The measure will hit 670,000 council and housing association tenants – a third of all working-age housing benefit claimants in the social rented sector across Great Britain.
Each claimant is expected to lose an average of £13 a week if the Government succeeds in introducing the measure in 2013.
The DWP has suggested that households seeing their benefit reduced – by up to 15% for those with one "spare" room and up to 25% for two or more "spare" rooms – should "move to accommodation which better reflects the size and composition of their household" – or make up the shortfall from other income sources.
But National Housing Federation research shows that while about 180,000 social tenants in England are "under-occupying" two-bedroom homes, and will therefore come under pressure to downsize to one-beds, just 68,000 one-bed social homes became available for letting in a single year (2009/10).

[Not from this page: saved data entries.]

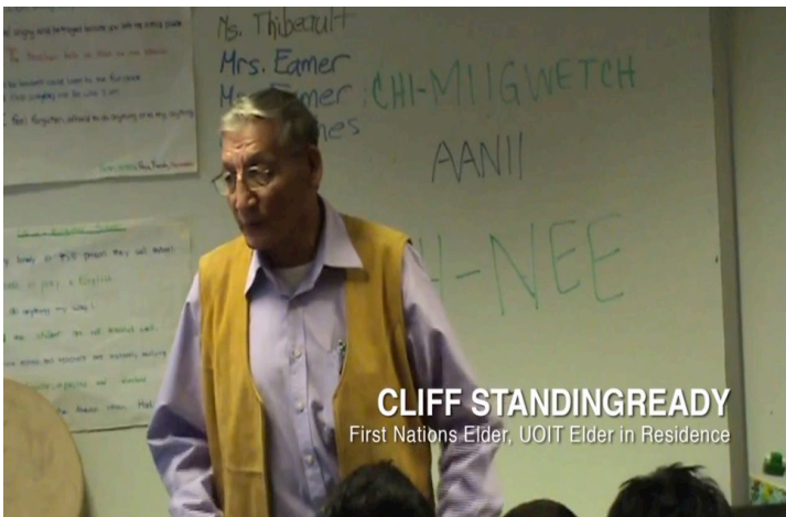
FIGURE 8. Still photo from video footage of First Nations Elder

As Diana notes, it is difficult to decide what to include and what to omit as each decision serves to tell the story in a different way. We made decisions based primarily on the quality of the photos, but also tried to ensure that we included both boys and girls, and gave voice to the teachers and guests in equal measure. Video clips of a Lakota elder (see Figure 8) and award winning aboriginal musician Tracy Bone (see Figure 9) shown engaging with the students enable the viewer to experience, in part, what the students experienced in person. Snippets of student generated digital texts offer the audience a glimpse of the learning that took place from the student's perspective. The research documentary, Exploring Social Justice Through Digital Literacies (Hughes, 2013) can be viewed on YouTube at: http://www.youtube.com/watch?v=dZOt6RDhkVY . 1
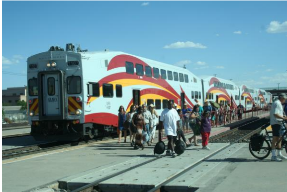
The New Mexico Rail Runner at Albuquerque
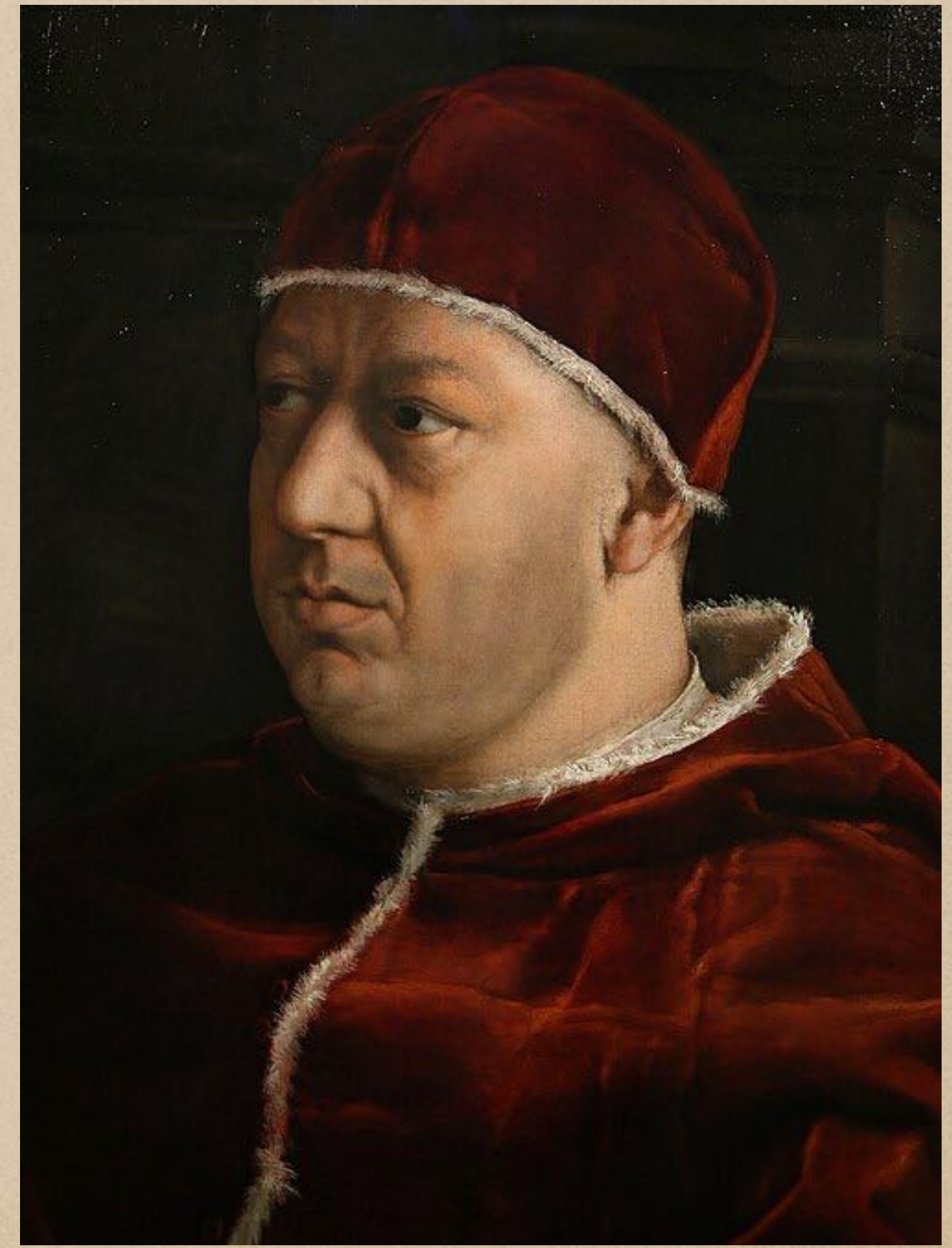
Pope Leo X
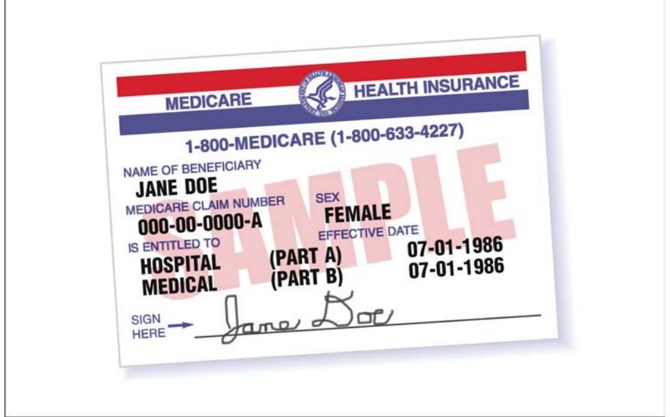
Figure 1: Medicare Card
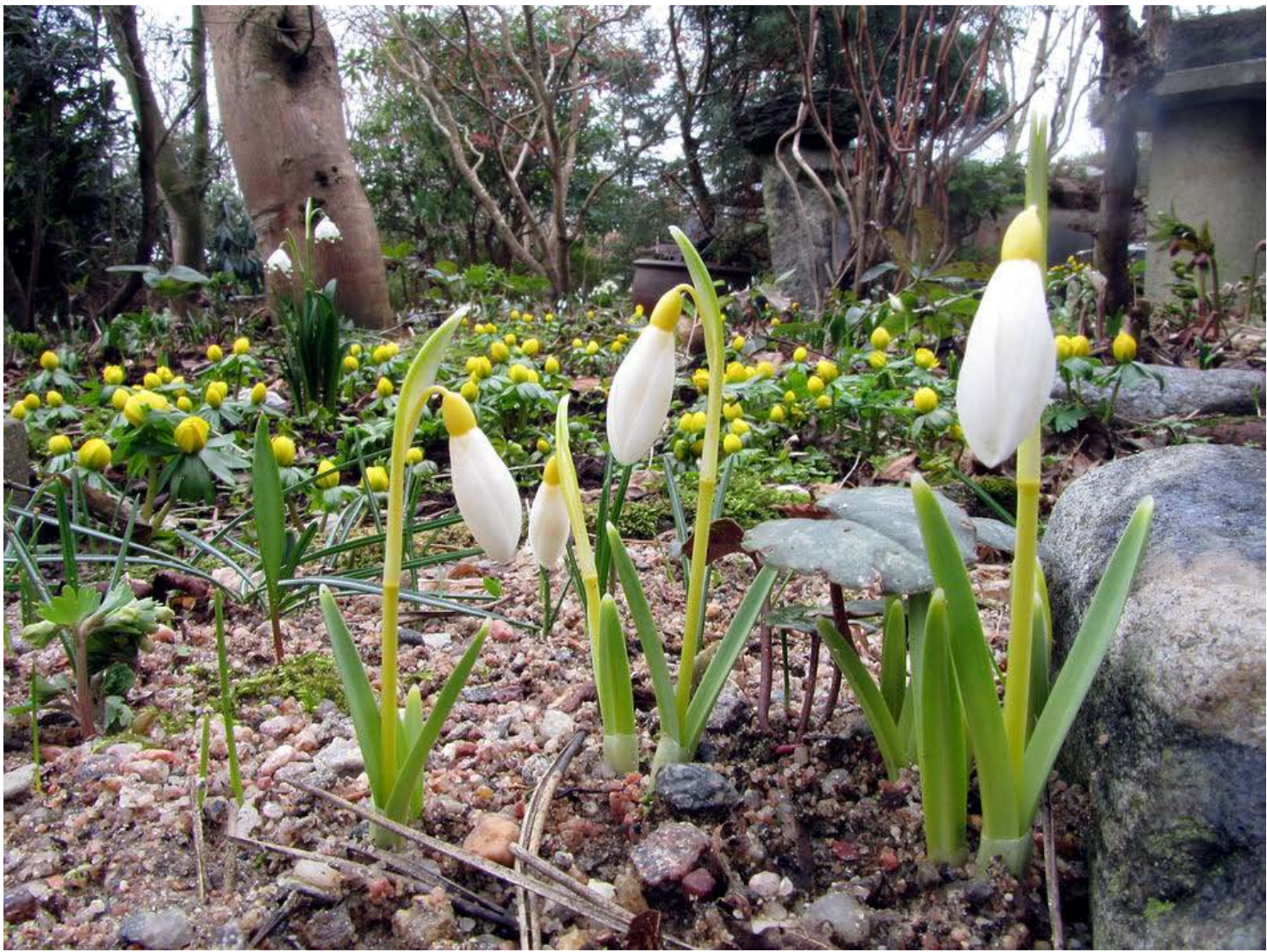
Some yellow forms of the Sandersonii group are doing very well in one of the "sharp sand bulb beds" – set off as these are by a backdrop of Eranthis in the bed beyond.
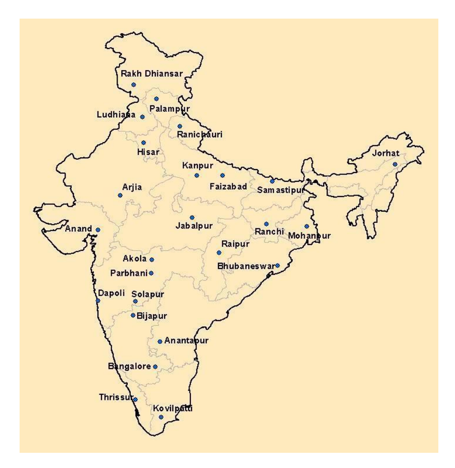
FIGURE 2: MAP SHOWING SPATIAL DISTRIBUTION OF SELECTED METEOROLOGICAL OBSERVATORIES IN THE COUNTRY
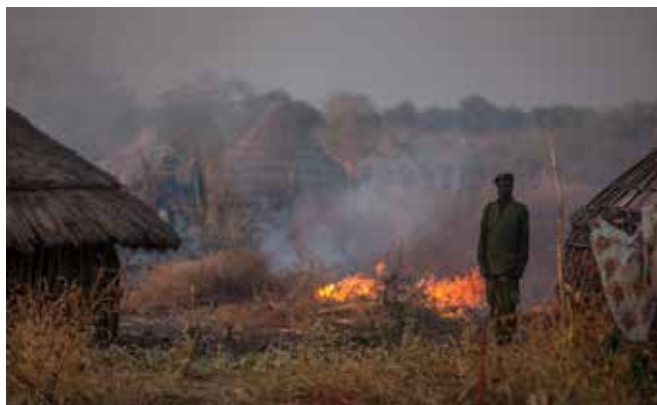
A "Nuer White Army" fighter stands in a burning field near Akobo, Jonglei State, February 2014.
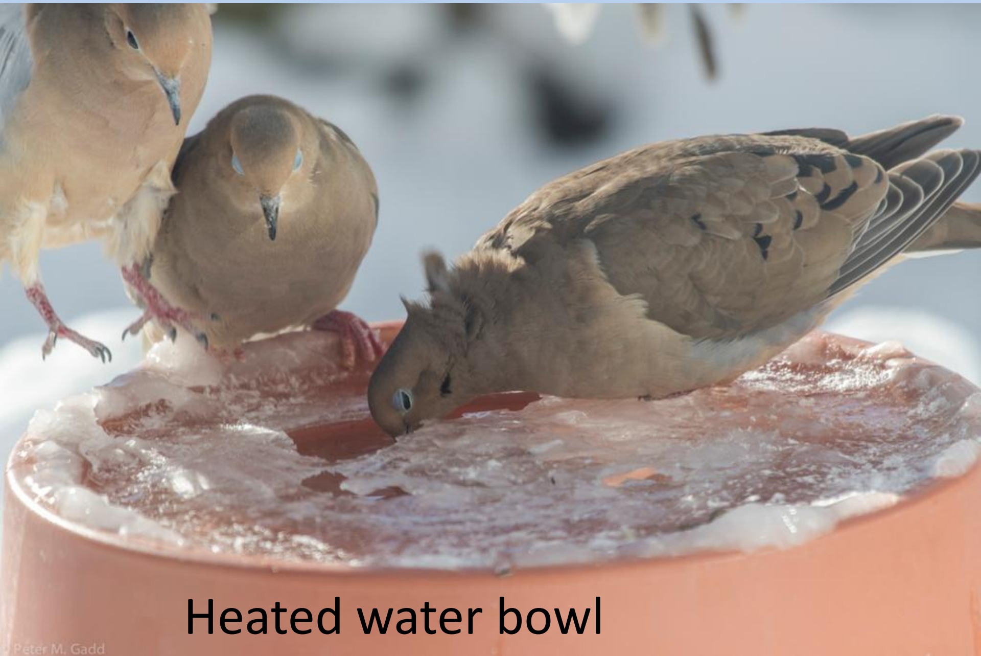
Heated water bowl
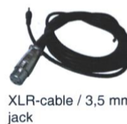
XLR-cable / 3,5 mm jack
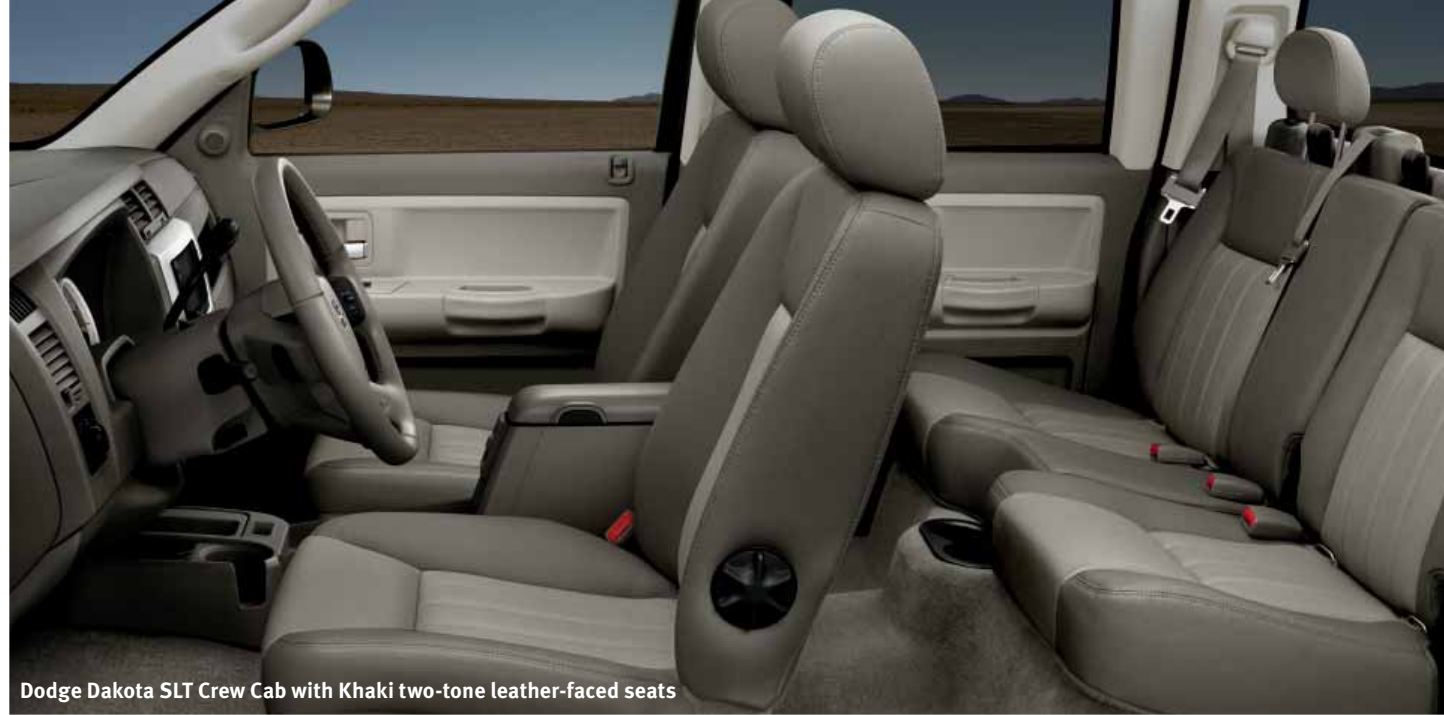
Dodge Dakota SLT Crew Cab with Khaki two-tone leather-faced seats
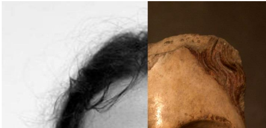
Author. Statue and Arrested Woman . 2013.

[...] Criminalization is a bourgeois conceit, [and] something we can afford to do because it is a relatively contained epidemic. And contained, importantly among those people who are socially marginalized and have relatively little social capital: sex workers, drug users, men who have sex with men, migrants from sub-Saharan or endemic areas of the world where HIV is endemic. That’s what we learn about in the context of this. It’s the fear that the majority has of the minority, the fear if you like, that the virus will escape into the “normal” population. And its very easy to satisfy a popular call to punitive response by saying “don’t worry, we are going to criminalize the people who already have no access to the institutions (of perhaps), or have less access to popular, or media to put that case on, or have very little social or economic capital.” 53
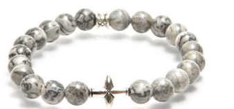
Cross Dark Grey 8mm
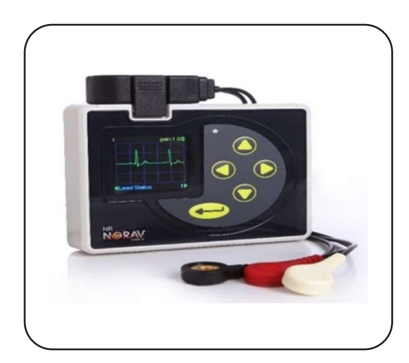
Holter ECG Analysis High End

At S.RG Medical, we provide an extensive range of medical equipment that meets international standards and caters to diverse healthcare needs. Our products include:
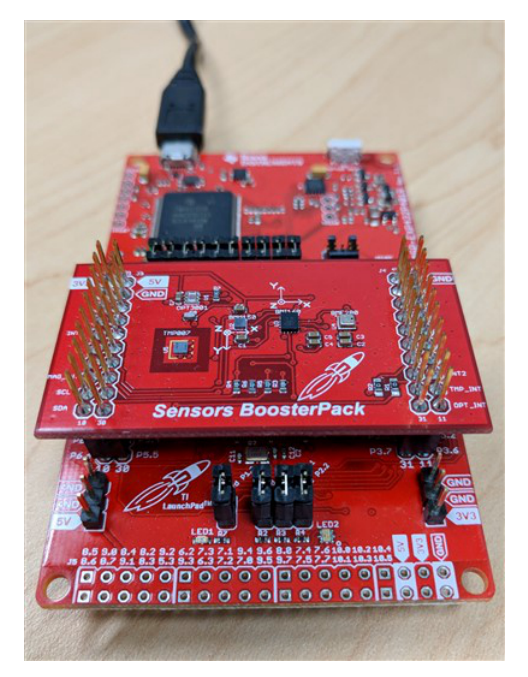
Figure 2. MSP-EXP432P401R LaunchPad Development Kit and BOOSTXL-SENSORS BoosterPack Module with SimpleLink SDK Plug-in Support

From a hardware perspective, the external components typically available on TI LaunchPad<sup>™</sup> development kits or BoosterPack<sup>™</sup> modules also connect together seamlessly, as shown in Figure 2.
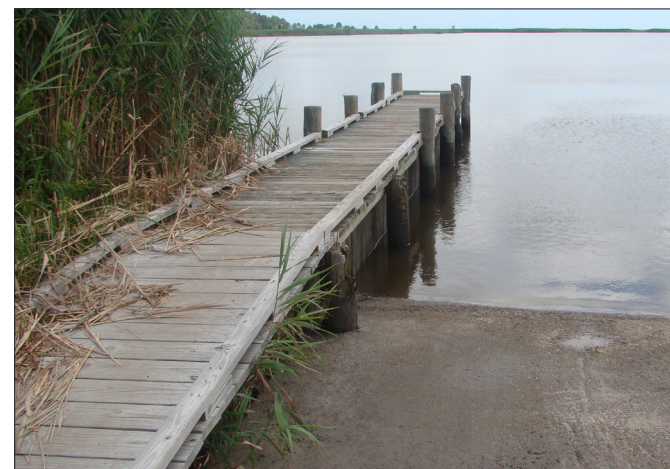
Back Bay Landing Water Access

Canoe/kayak access points, as well as a smaller number of boat ramps, exist around the perimeter of Back Bay (fourteen sites as shown in Figure 4.1). These range in condition from dirt and gravel kayak slides with limited parking to wooden docks and ramps with large parking areas. These launches and boat ramps are fairly well distributed around the Bay. The varying conditions and the lack of a consistent signs and wayfinding system limit visitor use of the access points for water-based transportation to BBNWR and FCSP, as well as their ability to simply enjoy the water resource.

The significant shortfall in available properties, which are also in high demand from people on housing waiting lists, suggests many families will struggle to move within the social sector.
The DWP’s own impact assessment admits there is a "mismatch" between properties in the social sector and household size – suggesting many people would see a cut in their housing benefit with no prospect of being able to move to a smaller home.
The assessment says: "In many areas this mismatch could mean that there are insufficient properties to enable tenants to move to accommodation of an appropriate size even if tenants wished to move and landlords were able to facilitate this movement."
It adds that people facing benefit cuts but unable to move to a smaller property in their neighbourhood "may have to look further afield… or move to the private sector".
But every tenant moving to the private rented sector will cost the taxpayer more in additional housing benefit.
Housing associations up and down the country are already making efforts to help people in larger properties who want to move to a smaller home to do so.
But this measure is punitive, very poorly targeted and would unfairly punish tenants whose children have grown up and left home, according to the Federation.
It risks uprooting people from the places where they have family and friends, and could lead to public money being wasted as some 108,000 households living in properties adapted for people with disabilities are faced with moving and requiring fresh adaptations to their new properties.
Federation chief executive David Orr said: "The cuts to housing benefit for households deemed by the Government to be ‘under-occupying’ are extremely harsh and could effectively compel thousands of people to lose their homes.
"As a result of these changes, thousands of couples are no longer able to offer their grown-up children a room to stay in should their circumstances change, and many single parents will be pushed away from friends, relatives and support networks.
"Of course ‘under-occupation’ in the social housing sector should be tackled. But slashing people’s housing benefit and pushing them into poverty is not the answer."